◆ Aim of the exercise ◆
Output the lines of the records below exactly, beginning at their first line and ending at the line with "투자전문회사 SK㈜가 29일(수)"; include no pictures.

◆ Data excerpts ◆
[Start of section]

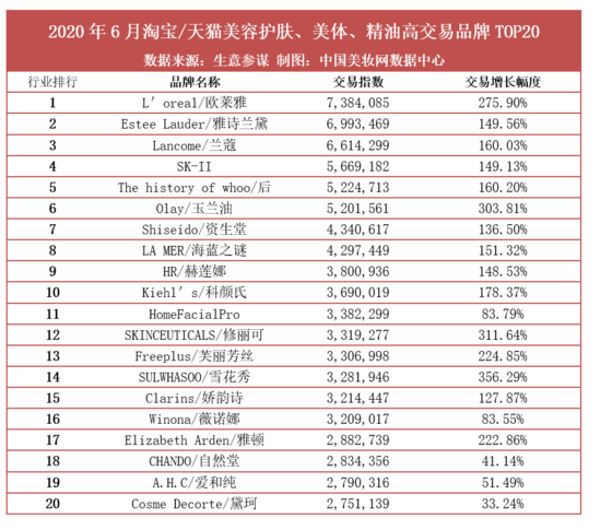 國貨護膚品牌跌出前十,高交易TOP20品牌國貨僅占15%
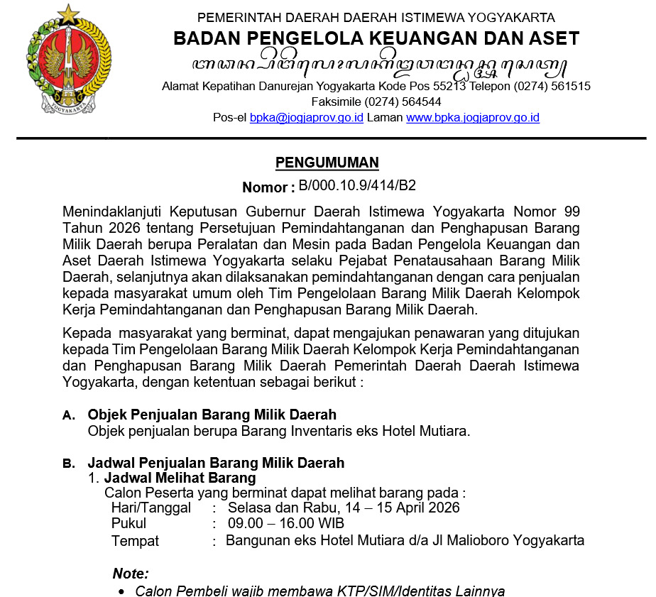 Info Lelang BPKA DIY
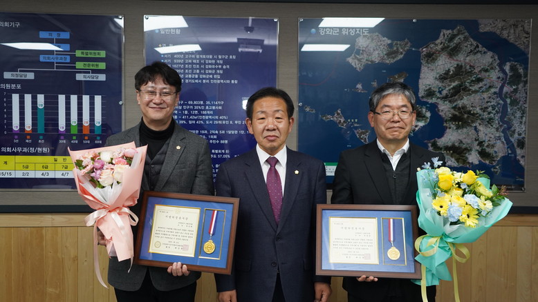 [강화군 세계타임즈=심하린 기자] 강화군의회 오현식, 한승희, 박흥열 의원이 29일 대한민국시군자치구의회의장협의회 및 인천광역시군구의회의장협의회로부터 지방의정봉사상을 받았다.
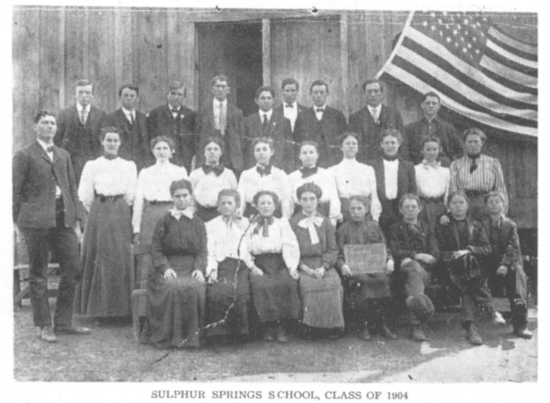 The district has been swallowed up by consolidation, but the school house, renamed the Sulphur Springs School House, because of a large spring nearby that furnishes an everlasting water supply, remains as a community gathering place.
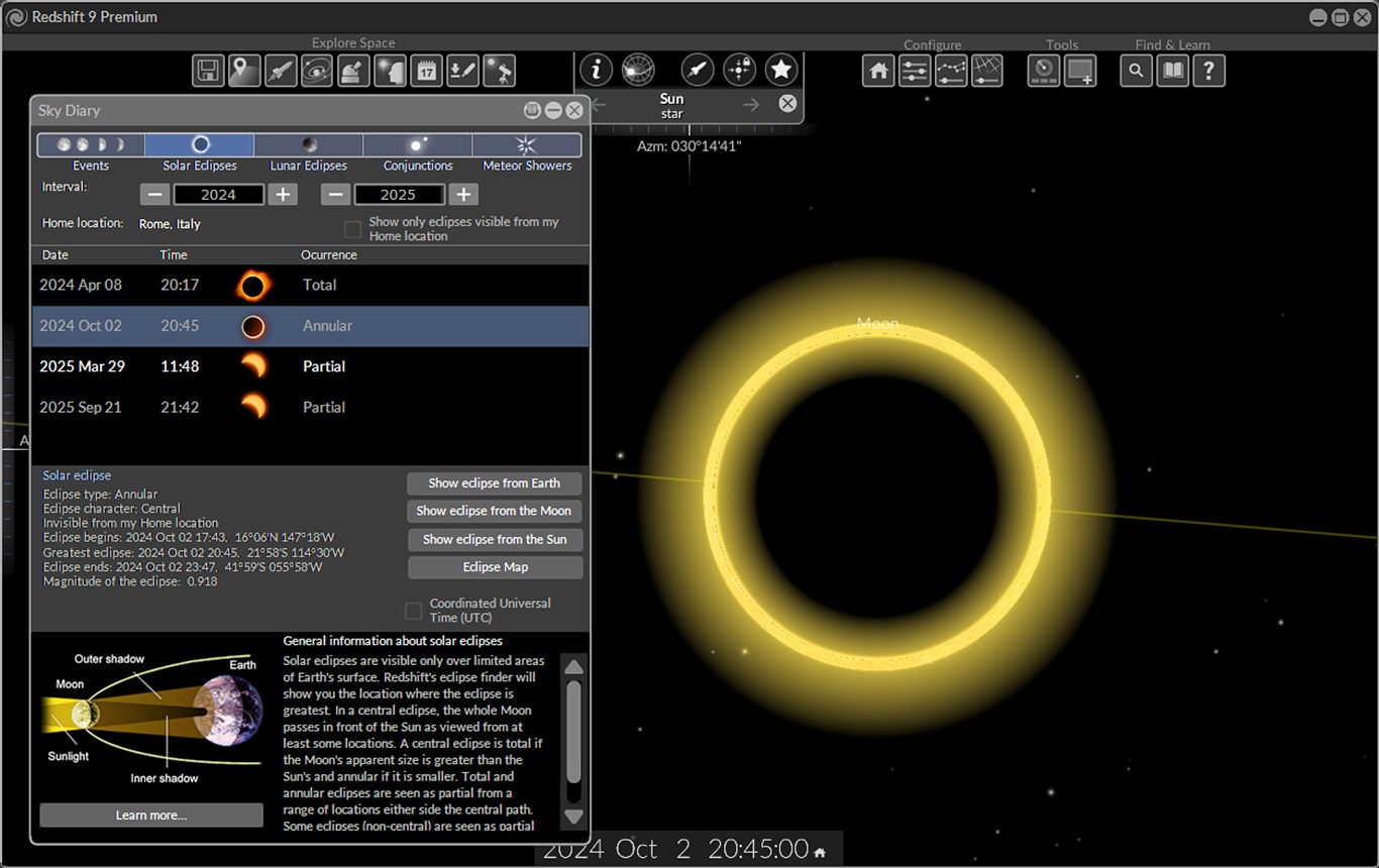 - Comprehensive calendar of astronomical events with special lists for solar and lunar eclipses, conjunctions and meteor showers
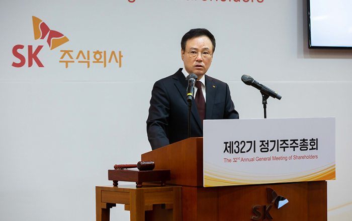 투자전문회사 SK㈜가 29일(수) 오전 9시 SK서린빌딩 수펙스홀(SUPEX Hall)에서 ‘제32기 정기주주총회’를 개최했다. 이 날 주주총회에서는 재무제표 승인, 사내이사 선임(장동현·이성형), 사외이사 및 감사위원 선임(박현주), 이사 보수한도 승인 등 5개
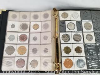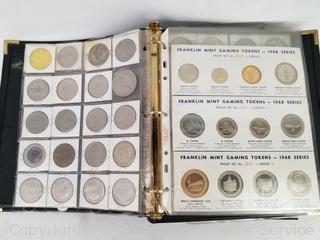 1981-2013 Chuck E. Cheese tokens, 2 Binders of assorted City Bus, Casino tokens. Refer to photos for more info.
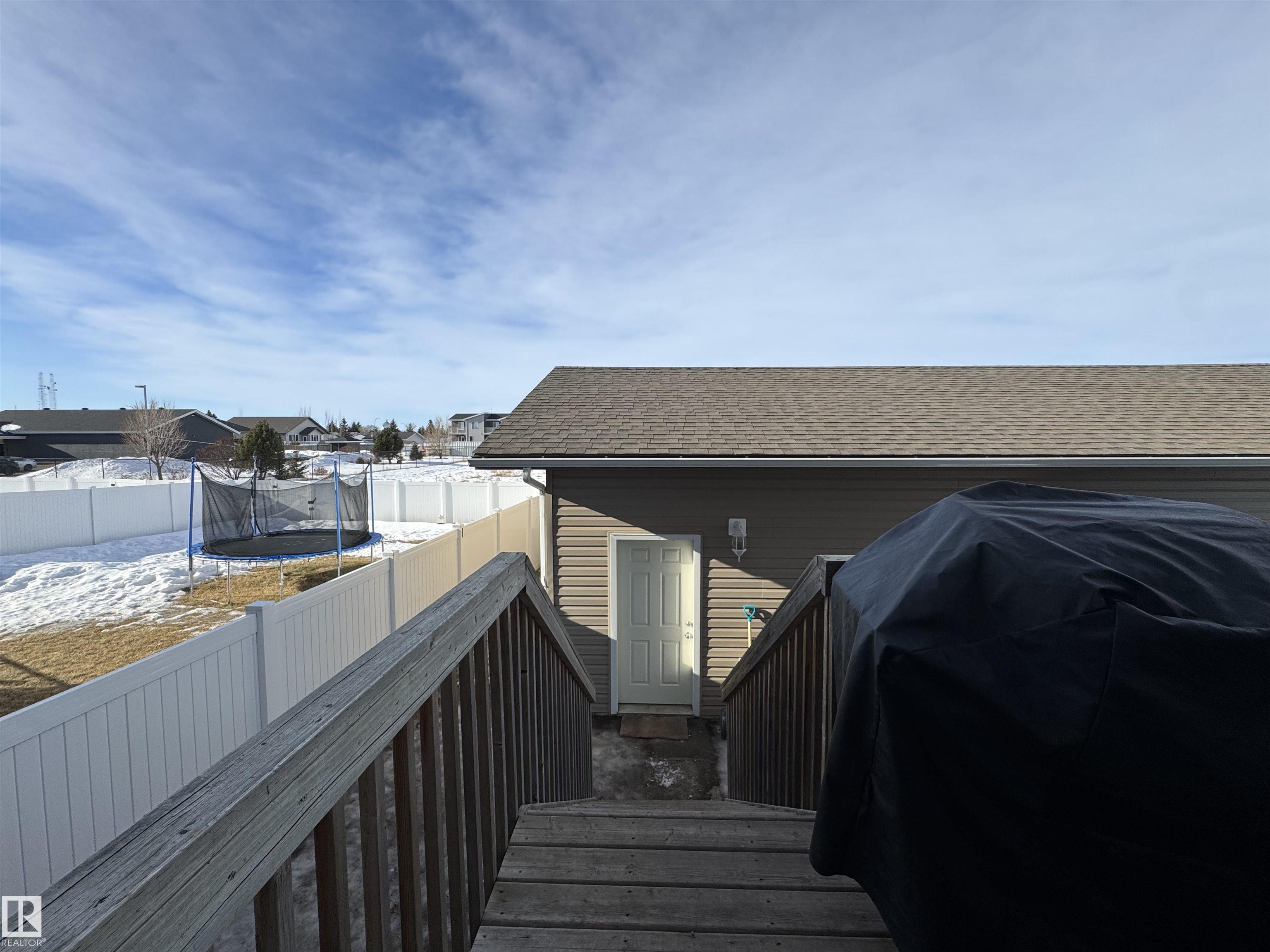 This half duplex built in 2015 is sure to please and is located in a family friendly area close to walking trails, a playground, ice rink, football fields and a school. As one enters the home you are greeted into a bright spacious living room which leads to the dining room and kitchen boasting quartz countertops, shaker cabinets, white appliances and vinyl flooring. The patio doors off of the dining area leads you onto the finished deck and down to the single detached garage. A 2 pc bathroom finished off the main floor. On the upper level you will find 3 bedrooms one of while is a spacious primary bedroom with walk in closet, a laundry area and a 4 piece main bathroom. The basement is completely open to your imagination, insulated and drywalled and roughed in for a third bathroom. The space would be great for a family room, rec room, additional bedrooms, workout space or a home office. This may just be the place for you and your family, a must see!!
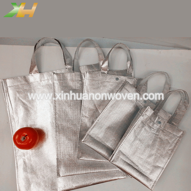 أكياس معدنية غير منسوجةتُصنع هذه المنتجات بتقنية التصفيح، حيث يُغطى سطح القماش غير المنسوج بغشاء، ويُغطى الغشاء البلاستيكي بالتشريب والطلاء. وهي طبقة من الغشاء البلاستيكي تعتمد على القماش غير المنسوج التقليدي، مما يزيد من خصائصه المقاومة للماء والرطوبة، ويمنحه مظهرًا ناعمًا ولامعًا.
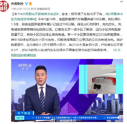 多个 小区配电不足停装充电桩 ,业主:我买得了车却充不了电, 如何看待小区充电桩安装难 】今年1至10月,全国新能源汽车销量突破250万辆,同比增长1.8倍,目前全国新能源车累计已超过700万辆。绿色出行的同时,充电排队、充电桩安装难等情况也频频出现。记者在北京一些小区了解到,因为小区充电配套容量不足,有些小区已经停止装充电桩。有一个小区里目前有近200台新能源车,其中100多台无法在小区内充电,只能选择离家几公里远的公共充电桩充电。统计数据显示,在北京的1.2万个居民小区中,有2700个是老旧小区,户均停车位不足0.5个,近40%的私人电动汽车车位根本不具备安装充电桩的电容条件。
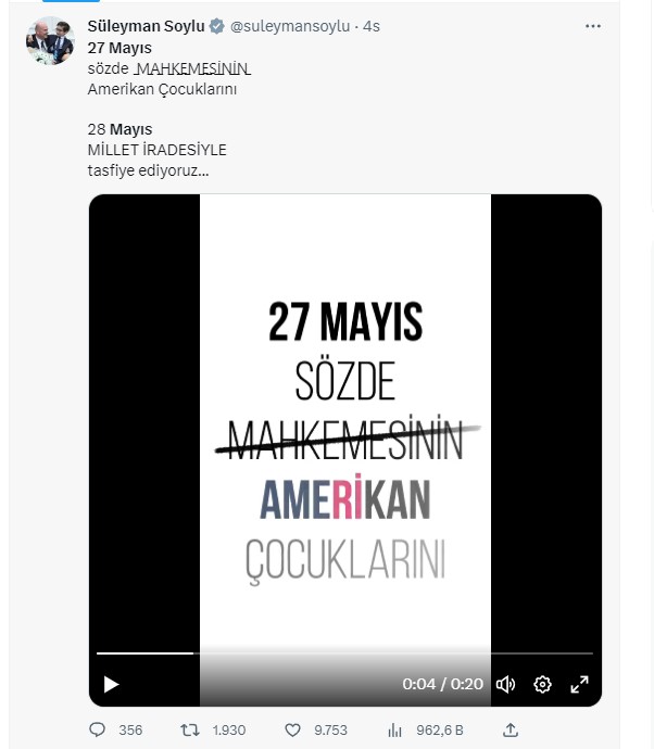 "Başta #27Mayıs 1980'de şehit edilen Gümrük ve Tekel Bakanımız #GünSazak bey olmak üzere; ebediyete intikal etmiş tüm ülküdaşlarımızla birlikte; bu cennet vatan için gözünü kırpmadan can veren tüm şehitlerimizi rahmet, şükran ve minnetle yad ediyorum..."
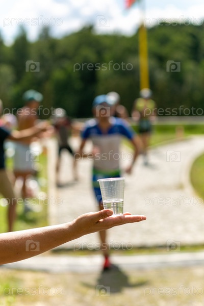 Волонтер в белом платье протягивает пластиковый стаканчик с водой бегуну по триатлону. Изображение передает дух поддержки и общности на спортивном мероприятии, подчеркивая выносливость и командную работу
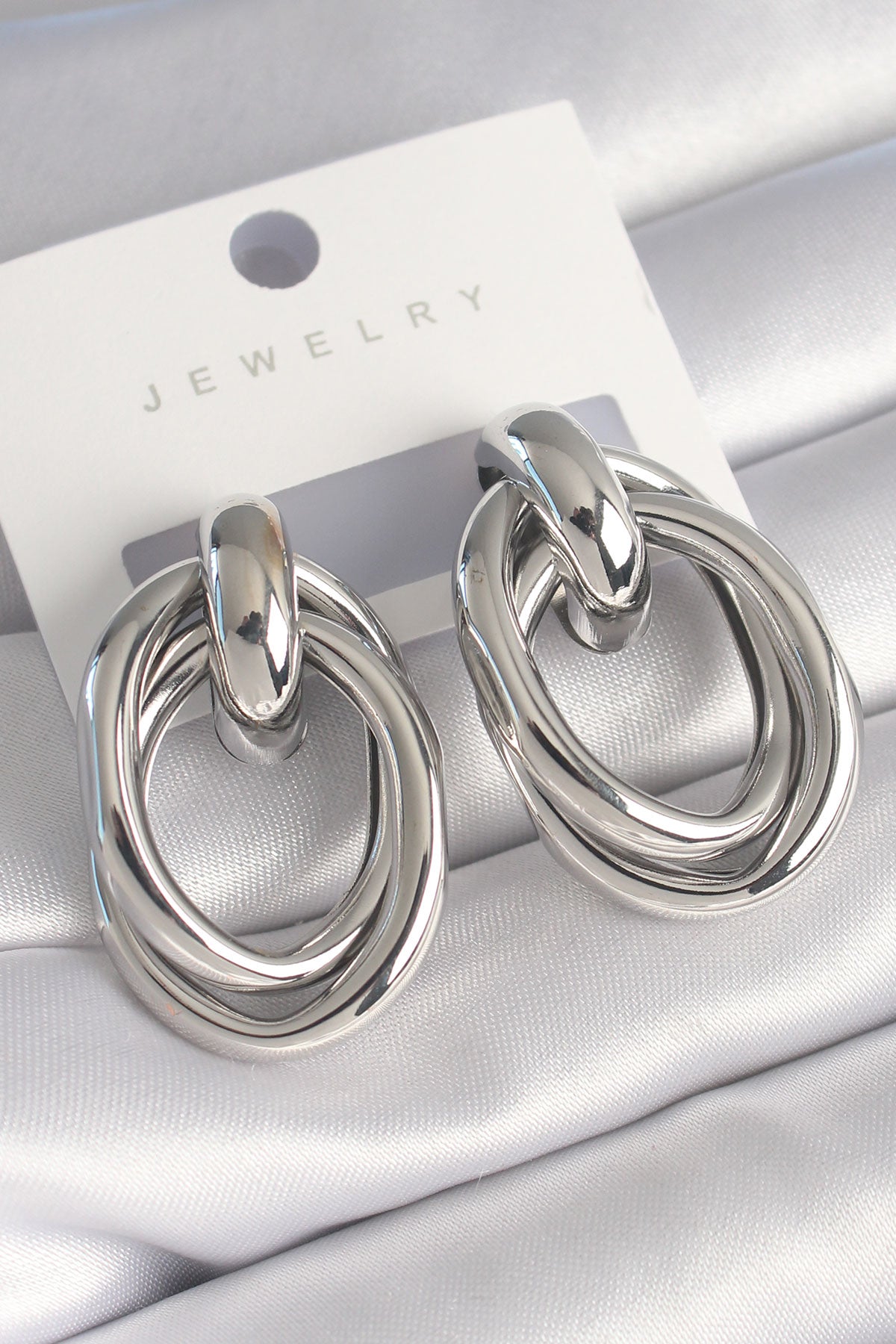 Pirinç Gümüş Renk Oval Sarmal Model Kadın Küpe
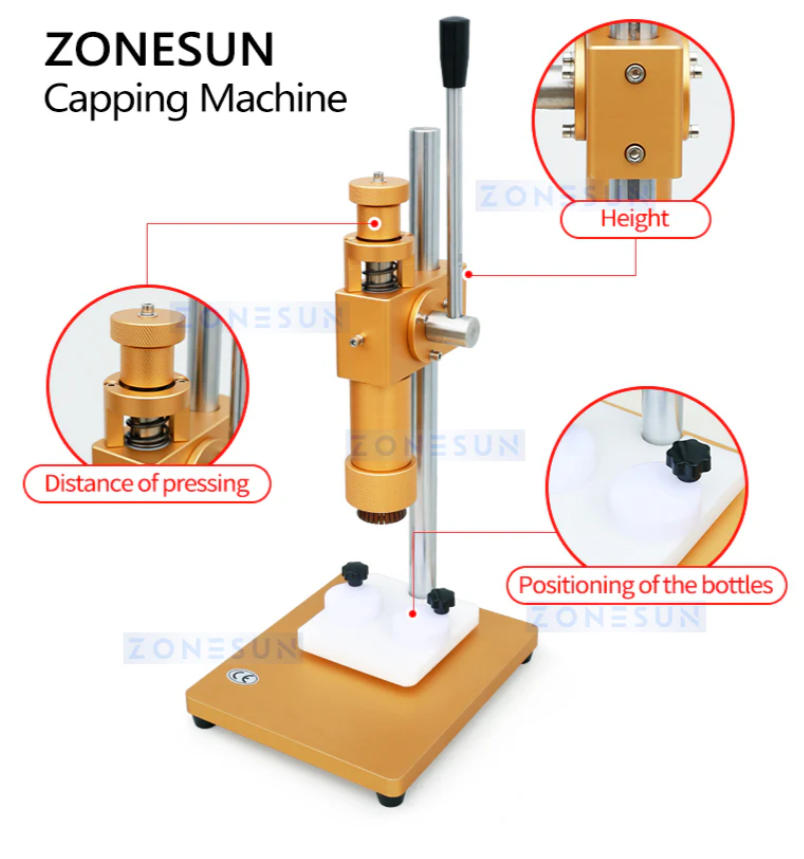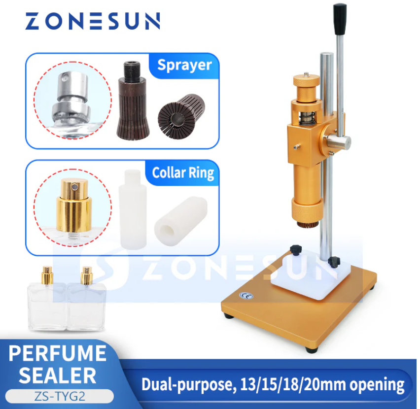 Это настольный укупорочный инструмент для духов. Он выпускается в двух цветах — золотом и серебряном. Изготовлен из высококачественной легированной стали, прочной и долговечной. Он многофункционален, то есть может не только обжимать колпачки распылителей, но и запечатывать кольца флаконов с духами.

[End of section]

◆ Task result ◆
 國貨護膚品牌跌出前十,高交易TOP20品牌國貨僅占15%
 Info Lelang BPKA DIY
 [강화군 세계타임즈=심하린 기자] 강화군의회 오현식, 한승희, 박흥열 의원이 29일 대한민국시군자치구의회의장협의회 및 인천광역시군구의회의장협의회로부터 지방의정봉사상을 받았다.
 The district has been swallowed up by consolidation, but the school house, renamed the Sulphur Springs School House, because of a large spring nearby that furnishes an everlasting water supply, remains as a community gathering place.
 - Comprehensive calendar of astronomical events with special lists for solar and lunar eclipses, conjunctions and meteor showers
 투자전문회사 SK㈜가 29일(수) 오전 9시 SK서린빌딩 수펙스홀(SUPEX Hall)에서 ‘제32기 정기주주총회’를 개최했다. 이 날 주주총회에서는 재무제표 승인, 사내이사 선임(장동현·이성형), 사외이사 및 감사위원 선임(박현주), 이사 보수한도 승인 등 5개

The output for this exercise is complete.